PROBLEM TO WORK ON. Give the records again in full, exactly as they appear, but without the pictures.

(Extracted data entries)
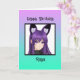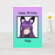 Niedliches lila und schwarzes animiertes Mädchen mit Fuchsohren personalisierte Geburtstagskarte mit Farbseite auf der Innenseite.
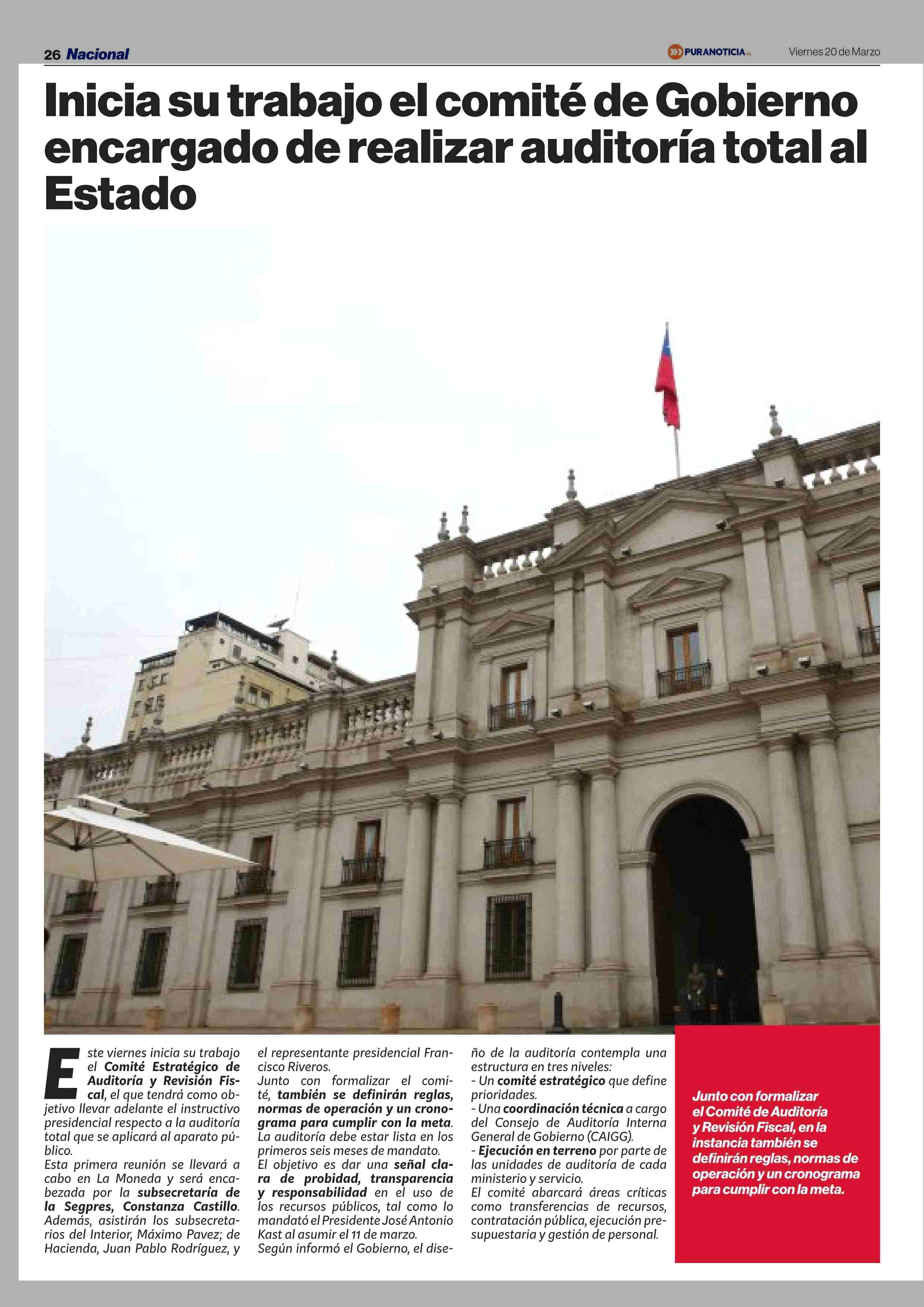 Inicia su trabajo el comité de Gobierno encargado de realizar auditoría total al Estado 20-03-2026 Puranoticia.cl |
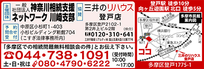 「相続のことはお任せください」。弁護士などが運営する、一般社団法人・神奈川相続支援ネットワーク主催で4月28日(日)、相続の無料個別相談会が多摩市民館で行われる(三井のリハウス登戸店協賛)。完全予約制。申込みは電話で。
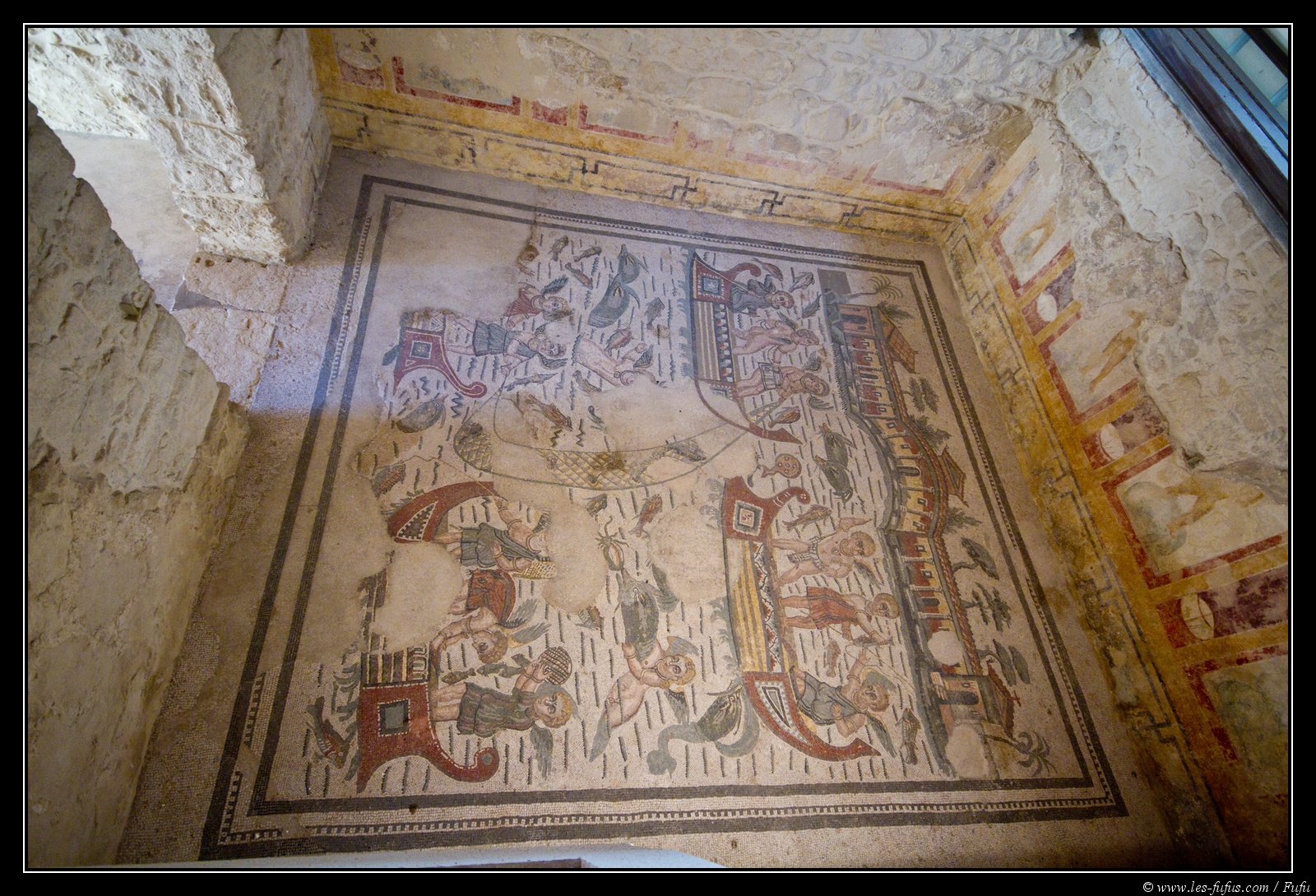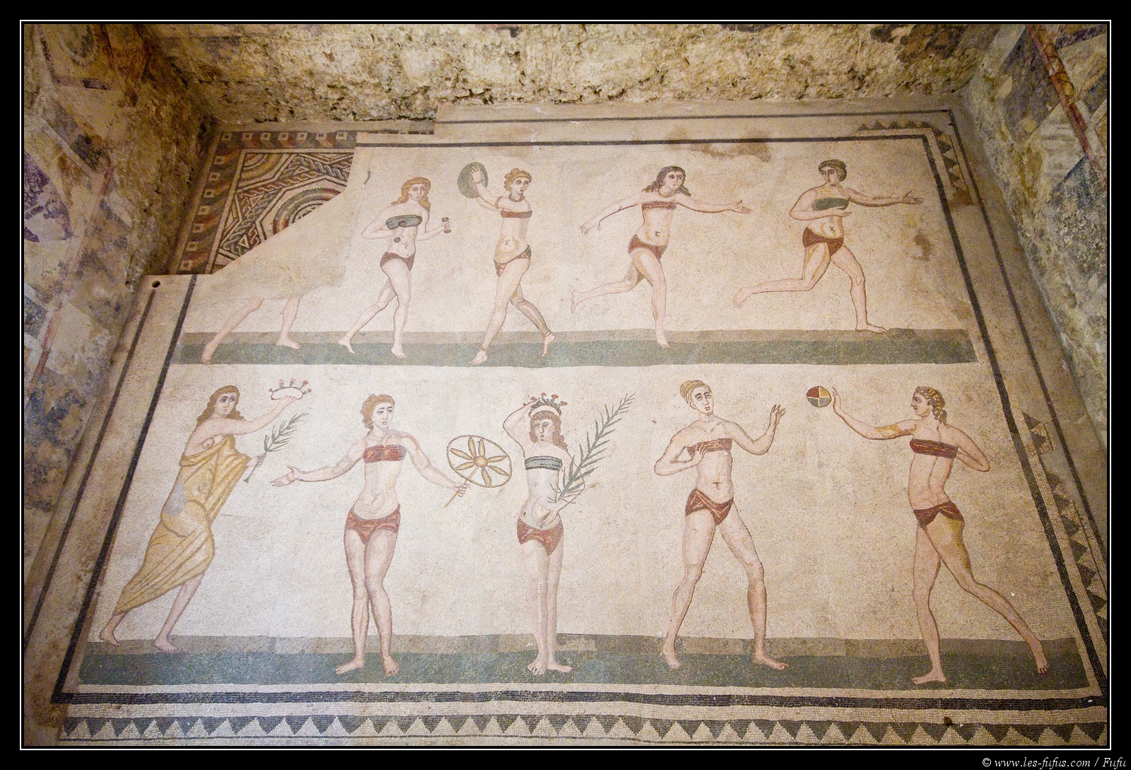 Il est environ 3h00 de l’après midi quand nous atteignions le parking de la Villa romaine du Casale (lien Wikipédia). Ce site archéologique est inscrit à l’Unesco. C’est une villa romaine datant du III siècle dotée de riches mosaïques. Il nous faudra plus d’une heure pour la visite complète. Les mosaïques sont superbes. A ne pas rater à mon sens.
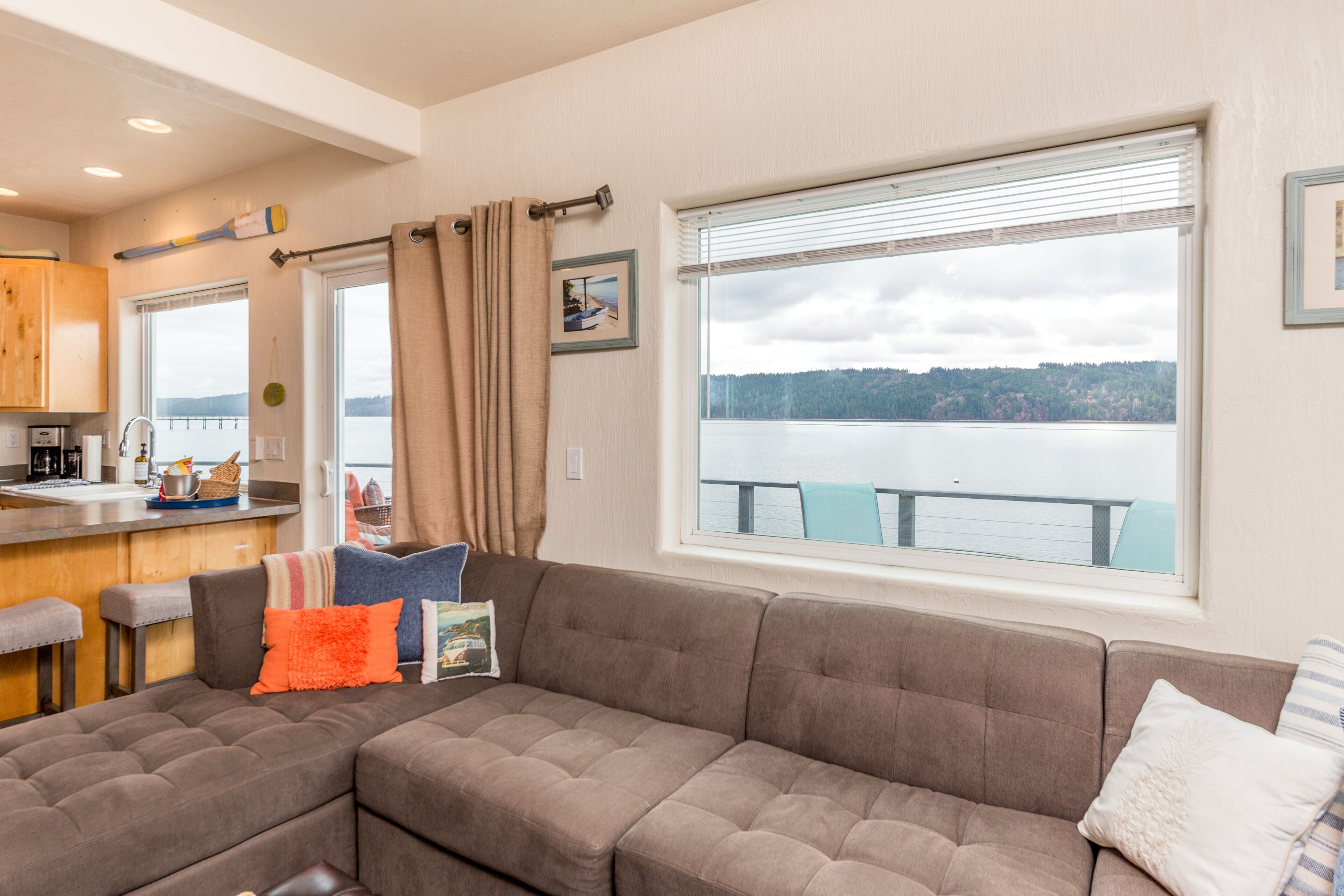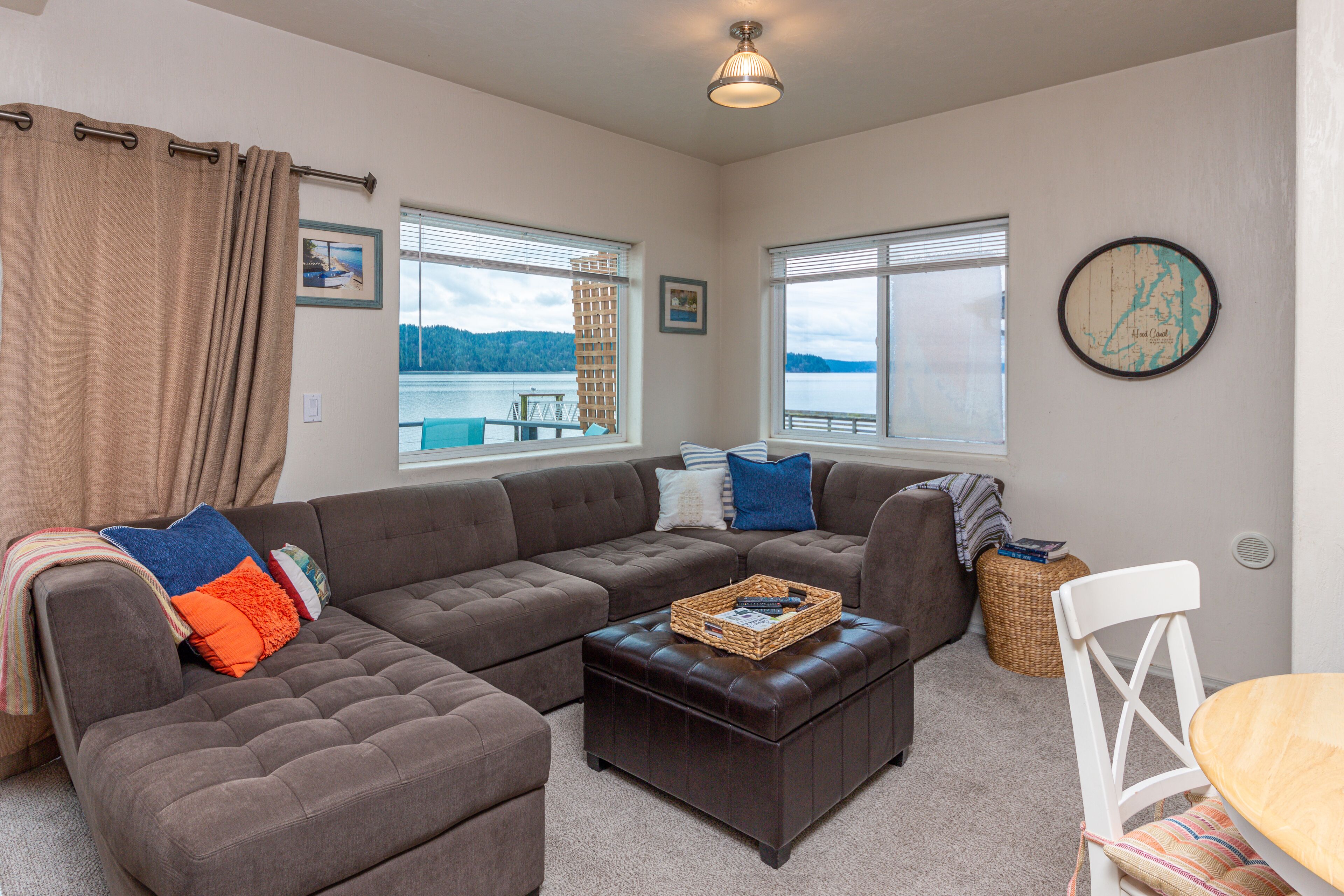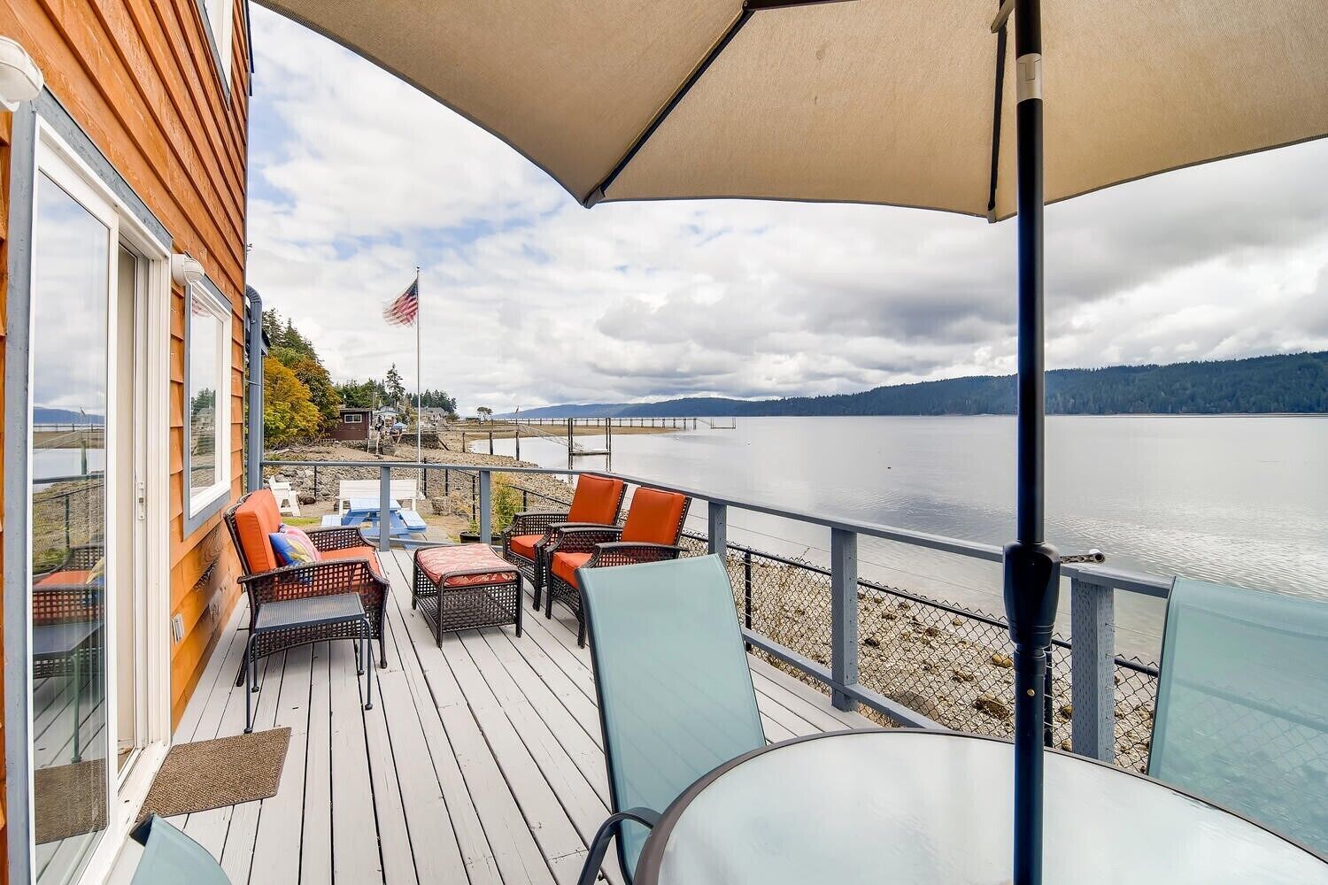 The Giggle Fish~Beachfront- Pet Friendly Hood Canal Getaway Welcome to Giggle Fish on Hood Canal! Our waterfront beach home is the ideal place to relax and take in the peaceful views of Hood Canal. With three bedrooms, it comfortably accommodates six people. Our property is fenced all the way around and is pet friendly. There are many places to relax, inside and out. With decks off both the beach...

SOLUTION TO THIS EXERCISE.
 Niedliches lila und schwarzes animiertes Mädchen mit Fuchsohren personalisierte Geburtstagskarte mit Farbseite auf der Innenseite.
 Inicia su trabajo el comité de Gobierno encargado de realizar auditoría total al Estado 20-03-2026 Puranoticia.cl |
 「相続のことはお任せください」。弁護士などが運営する、一般社団法人・神奈川相続支援ネットワーク主催で4月28日(日)、相続の無料個別相談会が多摩市民館で行われる(三井のリハウス登戸店協賛)。完全予約制。申込みは電話で。
 Il est environ 3h00 de l’après midi quand nous atteignions le parking de la Villa romaine du Casale (lien Wikipédia). Ce site archéologique est inscrit à l’Unesco. C’est une villa romaine datant du III siècle dotée de riches mosaïques. Il nous faudra plus d’une heure pour la visite complète. Les mosaïques sont superbes. A ne pas rater à mon sens.
 The Giggle Fish~Beachfront- Pet Friendly Hood Canal Getaway Welcome to Giggle Fish on Hood Canal! Our waterfront beach home is the ideal place to relax and take in the peaceful views of Hood Canal. With three bedrooms, it comfortably accommodates six people. Our property is fenced all the way around and is pet friendly. There are many places to relax, inside and out. With decks off both the beach...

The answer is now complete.